Scott Walker’s tenure in Wisconsin produced a quarter of that, or 103 jobs per day. Chris Christie in New Jersey created 91 jobs per day. Mike Huckabee in Arkansas generated only 22 jobs per day.

Now, Bush had certain advantages over Walker and Christie going in to this competition: Florida is a state with an appealing economic climate; like Texas, it levies no personal income tax — which makes each state highly attractive to workers and to the job-creating businesses that employ them. (In Texas, 2.1 million jobs were created during Governor Perry’s 180-month tenure — which also works out to some 400 jobs per day.)

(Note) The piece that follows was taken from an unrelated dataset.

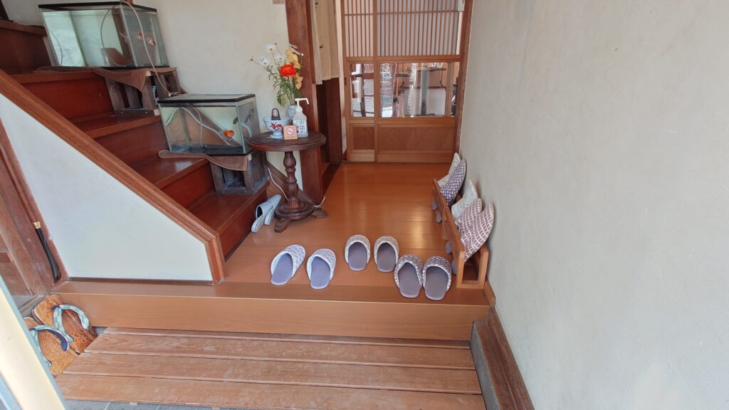 玄関先で靴を脱ぎます。

But let’s not be too hard on Huckabee. He outperformed Democratic long-shot challenger to Hillary Clinton, Maryland Governor Martin O’Malley by eleven to one. That’s right, O’Malley served for 96 months; during that time, around 5,000 jobs were created in Maryland. That’s just two jobs per day. Compare Maryland’s economic climate with that of Florida and Texas, and you see a dismal picture; in fact, Maryland ranks 11th-worst in the nation on the nonpartisan Tax Foundation’s 2015 State Business Tax Climate Index. O’Malley did nothing to mend Maryland’s reputation as a state that likes high taxes, and as my co-authors and I point out in The Wealth of States: No state has ever taxed its way into prosperity.

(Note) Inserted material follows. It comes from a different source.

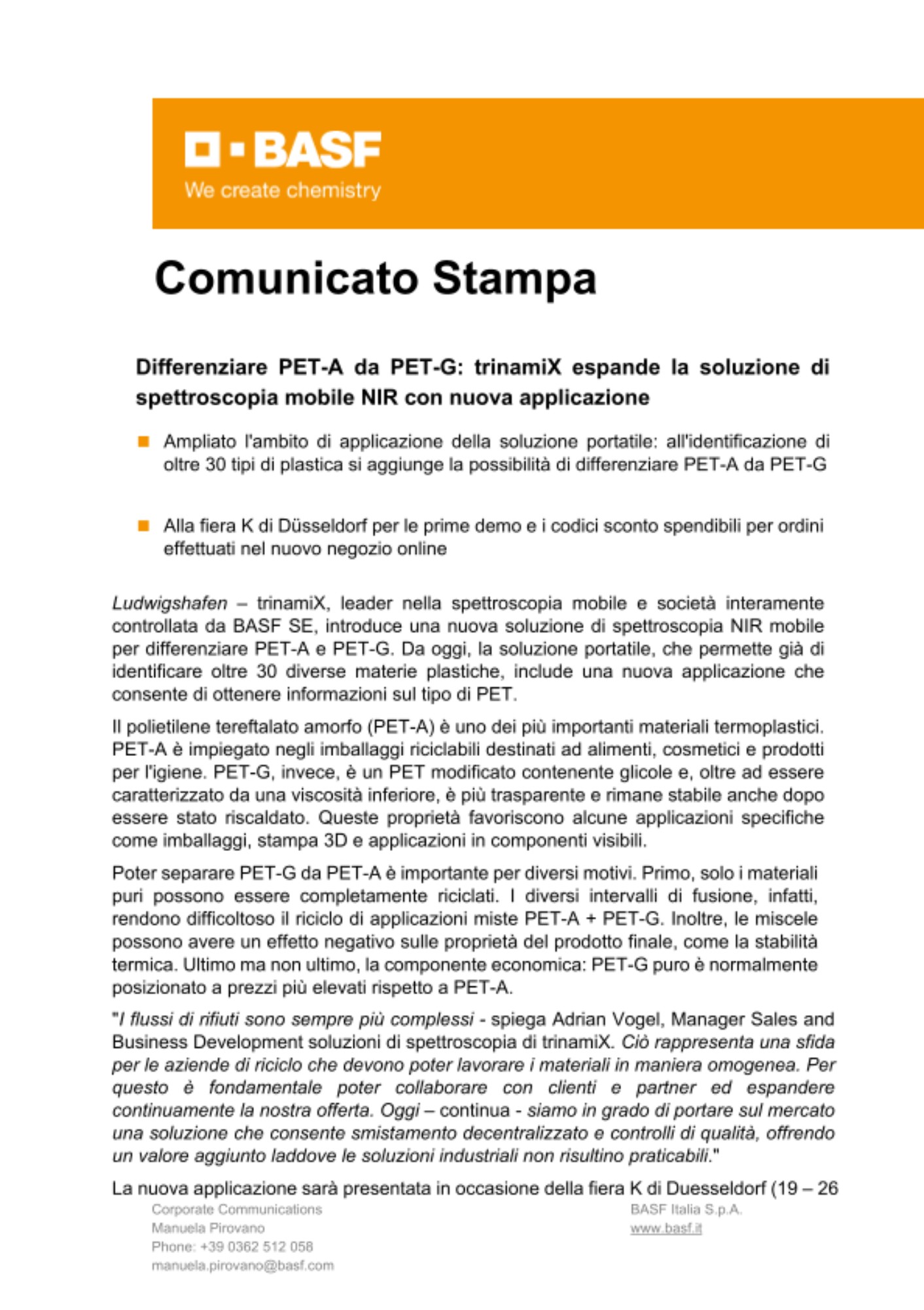 Ludwigshafen – trinamiX, leader nella spettroscopia mobile e società interamente controllata da BASF SE, introduce una nuova soluzione di spettroscopia NIR mobile per differenziare PET-A e PET-G. Da oggi, la soluzione portatile, che permette già di identificare oltre 30 diverse materie plastiche, include una nuova applicazione che consente di ottenere informazioni sul tipo di PET.

The top two performers, Bush and Perry cut numerous taxes over their terms. The bottom performers, like O’Malley, raised taxes 20 times during their term. Over the last four years, Republican Governors as a group cut taxes by $36 billion.  Democratic Governors increased taxes by $58 billion since 2011. And we have seen which states are gaining jobs, and which ones are hemorrhaging businesses.

Clearly, a state’s future depends upon the person who leads it, and a leader’s jobs record matters. When it comes to choosing the next President of the United States, that record matters even more.